Work to be completed — Exact reproduction of the listing is required. Pictures are not reproduced.

(Data below)

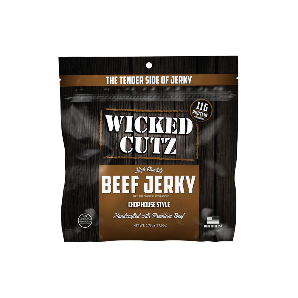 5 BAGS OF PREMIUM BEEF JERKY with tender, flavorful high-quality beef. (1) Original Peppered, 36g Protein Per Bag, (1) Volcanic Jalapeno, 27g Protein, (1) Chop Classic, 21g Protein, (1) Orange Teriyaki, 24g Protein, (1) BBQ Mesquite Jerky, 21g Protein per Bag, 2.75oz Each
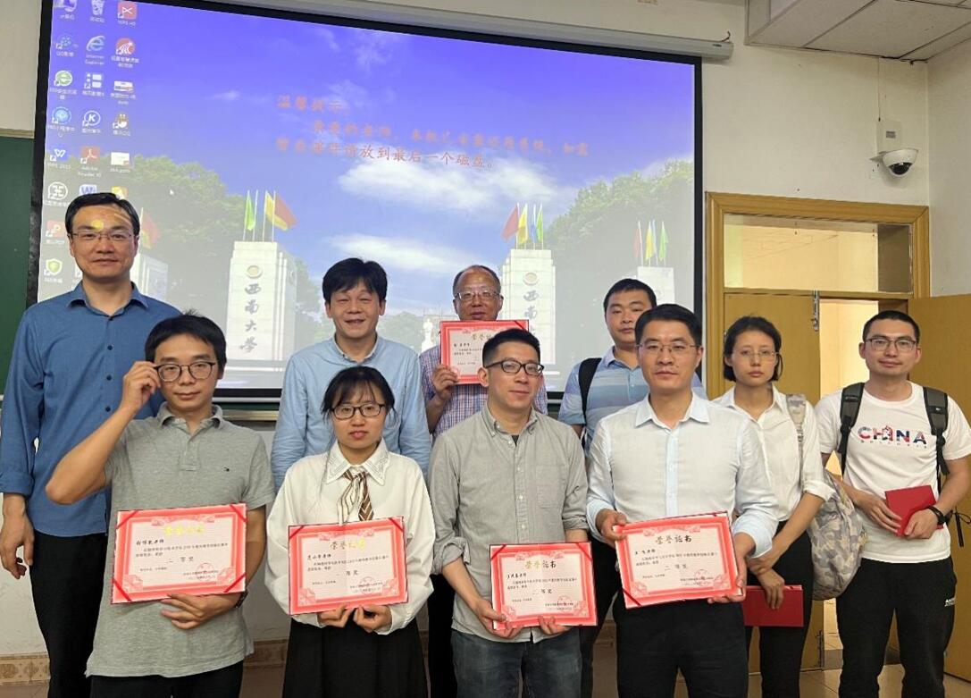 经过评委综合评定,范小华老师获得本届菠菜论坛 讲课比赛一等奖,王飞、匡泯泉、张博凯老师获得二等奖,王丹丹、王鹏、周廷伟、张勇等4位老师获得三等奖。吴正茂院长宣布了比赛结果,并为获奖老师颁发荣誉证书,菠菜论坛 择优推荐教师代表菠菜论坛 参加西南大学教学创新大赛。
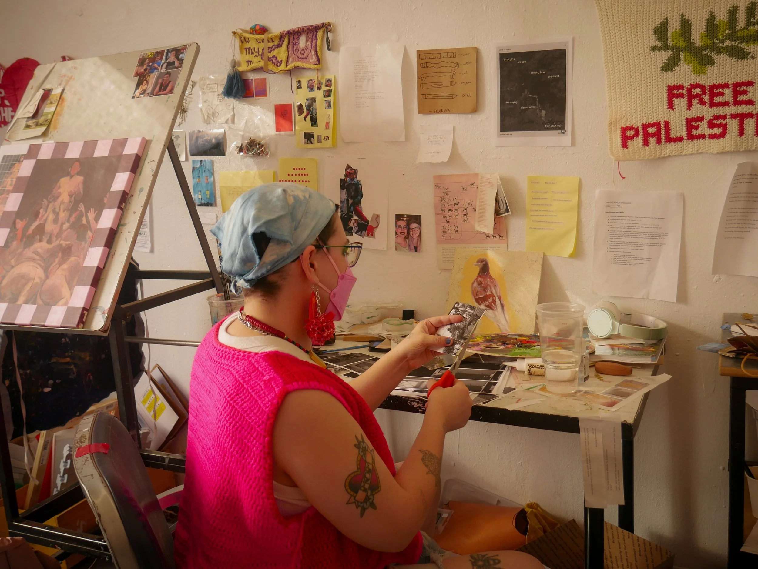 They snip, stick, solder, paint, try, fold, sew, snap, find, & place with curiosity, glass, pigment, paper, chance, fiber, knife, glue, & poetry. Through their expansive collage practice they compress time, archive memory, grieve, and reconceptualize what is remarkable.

(End Data below)

Problem solution —
 5 BAGS OF PREMIUM BEEF JERKY with tender, flavorful high-quality beef. (1) Original Peppered, 36g Protein Per Bag, (1) Volcanic Jalapeno, 27g Protein, (1) Chop Classic, 21g Protein, (1) Orange Teriyaki, 24g Protein, (1) BBQ Mesquite Jerky, 21g Protein per Bag, 2.75oz Each
 经过评委综合评定,范小华老师获得本届菠菜论坛 讲课比赛一等奖,王飞、匡泯泉、张博凯老师获得二等奖,王丹丹、王鹏、周廷伟、张勇等4位老师获得三等奖。吴正茂院长宣布了比赛结果,并为获奖老师颁发荣誉证书,菠菜论坛 择优推荐教师代表菠菜论坛 参加西南大学教学创新大赛。
 They snip, stick, solder, paint, try, fold, sew, snap, find, & place with curiosity, glass, pigment, paper, chance, fiber, knife, glue, & poetry. Through their expansive collage practice they compress time, archive memory, grieve, and reconceptualize what is remarkable.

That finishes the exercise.